### Work item
From the listing that follows, reproduce only the lines from the one holding "#KhalsaNews #ProfDrashanSingh #KalaAfghana" through the one holding "喜马拉雅423听书节为用户准", both included, with no pictures.

### Input

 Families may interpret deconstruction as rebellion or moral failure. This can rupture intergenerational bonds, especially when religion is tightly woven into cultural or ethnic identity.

* * *

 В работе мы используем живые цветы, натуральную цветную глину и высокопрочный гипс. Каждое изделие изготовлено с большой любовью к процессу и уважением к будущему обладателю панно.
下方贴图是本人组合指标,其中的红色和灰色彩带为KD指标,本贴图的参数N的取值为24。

---

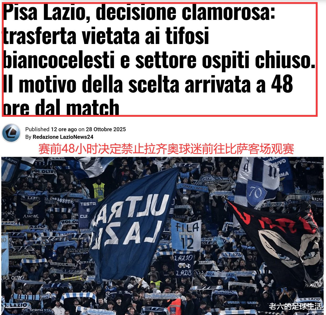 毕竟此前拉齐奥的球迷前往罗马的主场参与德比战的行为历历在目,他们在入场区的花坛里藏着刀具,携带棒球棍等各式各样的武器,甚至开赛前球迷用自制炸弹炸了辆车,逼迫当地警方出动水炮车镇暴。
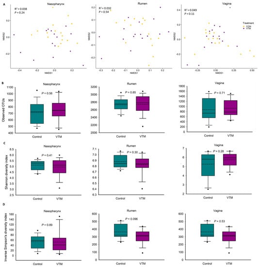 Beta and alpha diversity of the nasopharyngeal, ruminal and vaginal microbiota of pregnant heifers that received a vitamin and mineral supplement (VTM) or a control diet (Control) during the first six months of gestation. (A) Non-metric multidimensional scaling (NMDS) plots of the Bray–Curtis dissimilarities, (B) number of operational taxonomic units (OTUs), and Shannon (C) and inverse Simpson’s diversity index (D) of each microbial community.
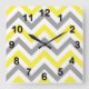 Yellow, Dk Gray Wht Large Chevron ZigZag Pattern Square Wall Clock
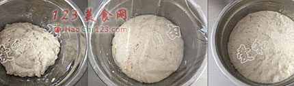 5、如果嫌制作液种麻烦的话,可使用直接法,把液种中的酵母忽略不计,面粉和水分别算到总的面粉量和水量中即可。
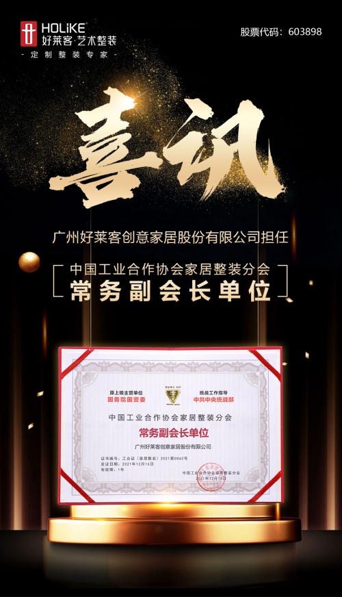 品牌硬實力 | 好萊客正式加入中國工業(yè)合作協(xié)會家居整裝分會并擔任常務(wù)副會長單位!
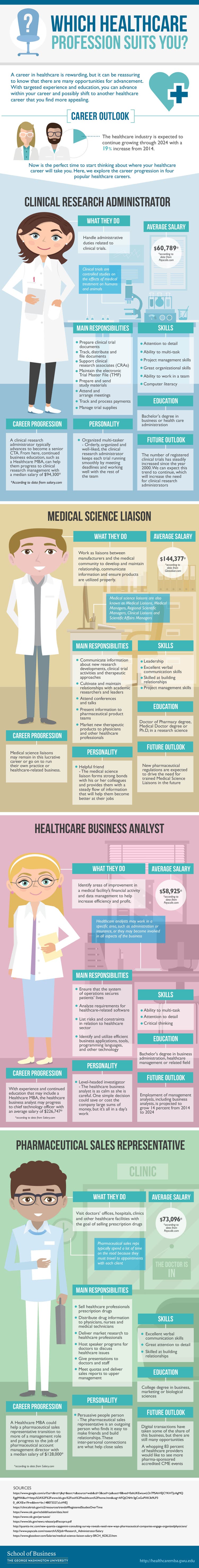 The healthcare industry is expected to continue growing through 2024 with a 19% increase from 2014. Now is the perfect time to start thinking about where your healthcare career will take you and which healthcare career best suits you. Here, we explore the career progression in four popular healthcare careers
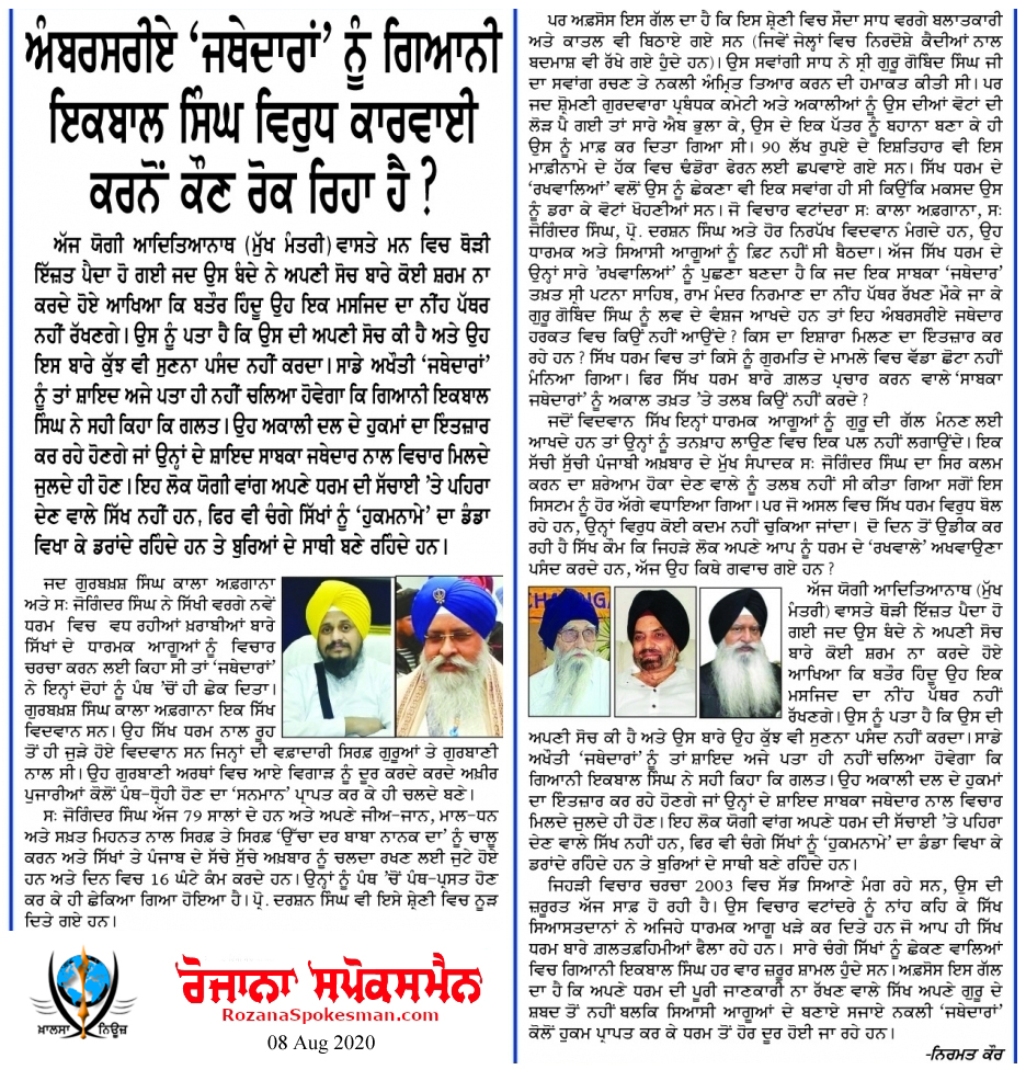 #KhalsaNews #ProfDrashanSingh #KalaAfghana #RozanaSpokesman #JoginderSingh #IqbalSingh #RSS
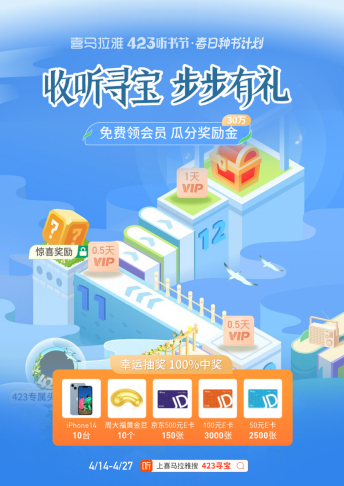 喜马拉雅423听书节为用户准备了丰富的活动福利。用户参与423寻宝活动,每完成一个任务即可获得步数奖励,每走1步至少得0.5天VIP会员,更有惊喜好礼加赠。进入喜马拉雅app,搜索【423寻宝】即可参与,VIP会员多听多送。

### Final answer
 #KhalsaNews #ProfDrashanSingh #KalaAfghana #RozanaSpokesman #JoginderSingh #IqbalSingh #RSS
 喜马拉雅423听书节为用户准备了丰富的活动福利。用户参与423寻宝活动,每完成一个任务即可获得步数奖励,每走1步至少得0.5天VIP会员,更有惊喜好礼加赠。进入喜马拉雅app,搜索【423寻宝】即可参与,VIP会员多听多送。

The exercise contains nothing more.